At first, a reminder of how convolution and pooling work and are usually implemented is done. Then we present our custom indexed kernels for convolution and pooling. This solution is then applied to standard datasets, namely CIFAR-10 and AID to validate the approach and test performances. Finally, we discuss the results obtained as well as potential applications to real scientific use cases.

CONVOLUTION

Background

Convolution is a linear operation performed on data over which neighborhood relationships between elements can be defined. The output of a convolution operation is computed as a weighted sum (i.e. a dot product) over input neighborhoods, where the weights are reused over the whole input. The set of weights is referred to as the convolution kernel. Any input data can be vectorized and then a general definition of convolution can be defined as:

\[O_{j} = \sum_{k=1}^{K}{w_k I_{N_{jk}}} \]

where \(K\) is the number of elements in the kernel, \(w_k\) is the value of the \(k\)-th weight in the kernel, and \(N_{jk}\) is the index of the \(k\)-th neighbor of the \(j\)-th neighborhood.

This general formulation of discrete convolution can be then made more specific for data over which neighborhood relationships are inherent in the structure of the input, such as 1D (temporal), 2D (image) and 3D (volumetric) data. For instance, in the case of classical images with square pixels, we define convolution as:

\[O_{ij} = \sum_{k=-W}^{W} \sum_{h=-H}^{H} {w_{kh} I_{(i-k)(j-h)}}\]

where the convolution kernel is a square matrix of size \((2W+1, 2H+1)\) and neighborhoods are implicitly defined through corresponding relative locations from the center pixel. Analogous expressions can be defined in N dimensions.

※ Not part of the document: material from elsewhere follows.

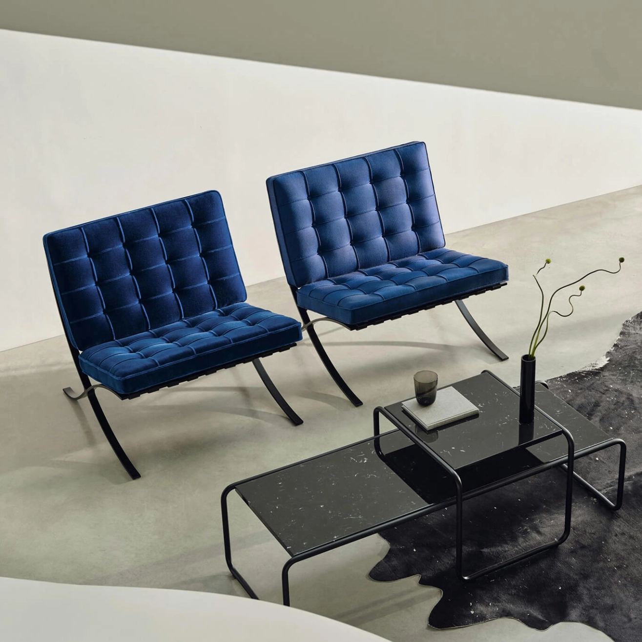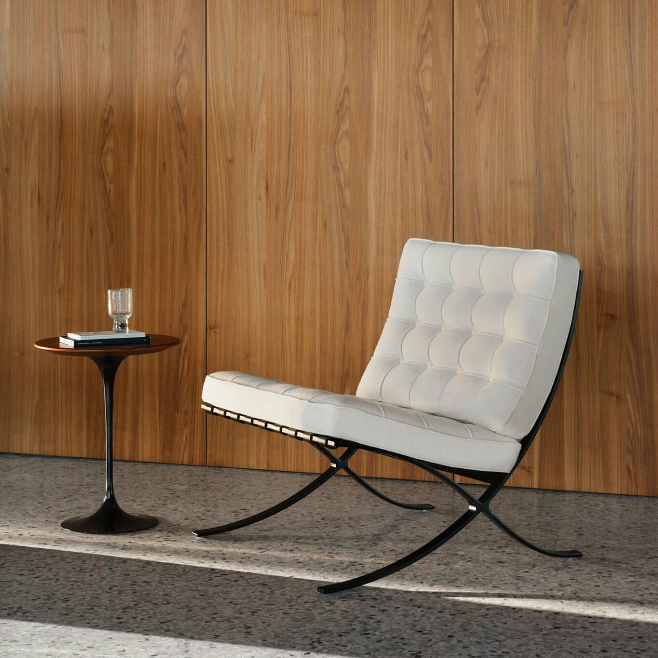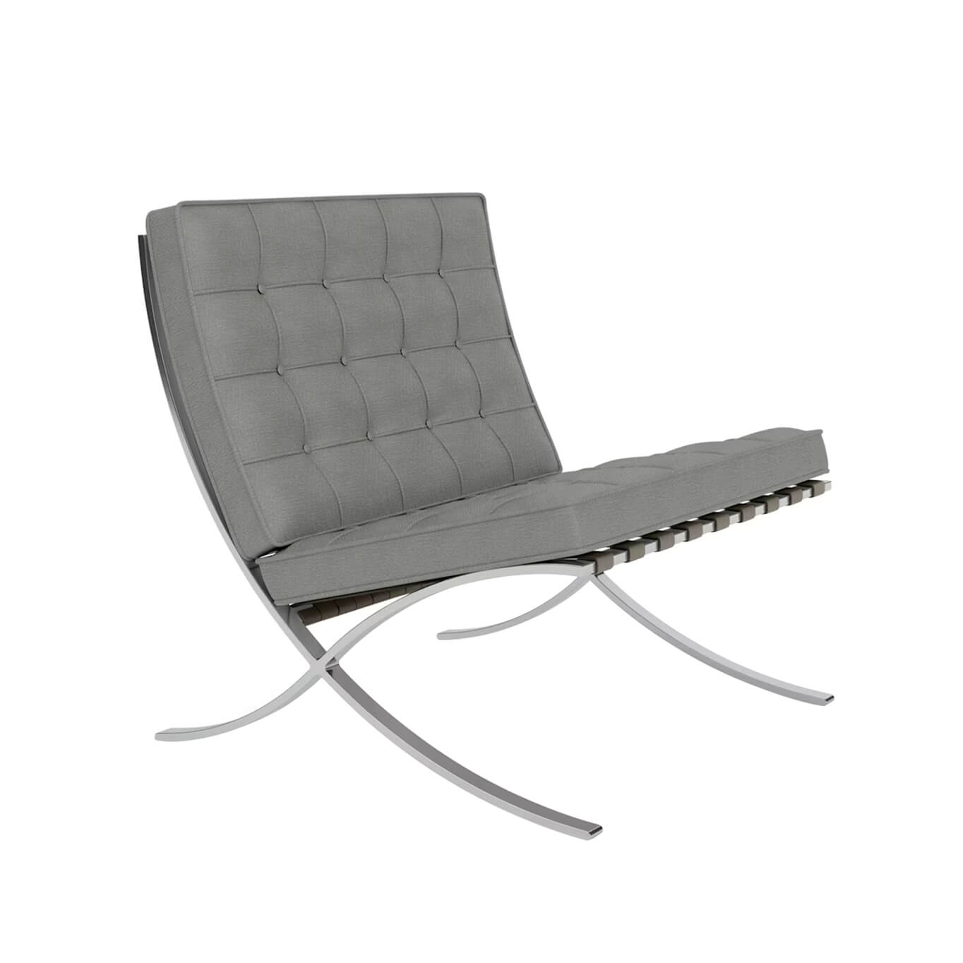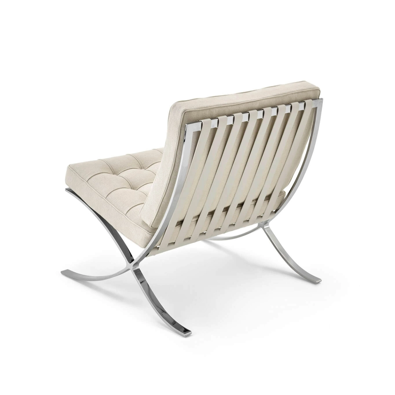 Created by Ludwig Mies van der Rohe for the German Pavilion at the 1929 International Exhibition in Barcelona, the Barcelona Chair has become an icon of modern architecture. Its refined composition reflects the very essence of modernist design. From its elegant crisscross frame to its cushions made of meticulously hand-stitched and assembled squares, each chair is a tribute to the union of contemporary design, high-end craftsmanship, and exceptional attention to detail. Architectural in form, the Barcelona Chair features a canted seat that offers a posture both relaxed and perfectly supported. It is upholstered in Haven fabric, available in four different colors, and features a polished chrome frame. To create the cushions, 40 individual squares of fabric are hand-sewn and tufted with buttons. The cushions are secured to the frame using belting leather straps, with edges dyed to match the upholstery. Each Barcelona Chair is an authentic piece designed by Ludwig Mies van der Rohe. The frame is stamped with the Knoll logo and the designer’s signature, certifying its authenticity and timeless value.

Since the kernel is constant over the input, i.e. its values do not depend on the location over the input, convolution is a linear operation. In addition, it has the advantage of accounting for locality and translation invariance, i.e. output values solely depend on input values in local neighborhoods, irrespective of where in the input those values occur.

Convolution cannot be performed when part of the neighborhood cannot be defined, such as at the border of an image. In this case, either the corresponding value in the output is skipped, or neighborhoods are extended beyond the reach of the input, which is referred to as padding. Input values in the padded region can be set to zero, or reproduce the same values as the closest neighbors in the input.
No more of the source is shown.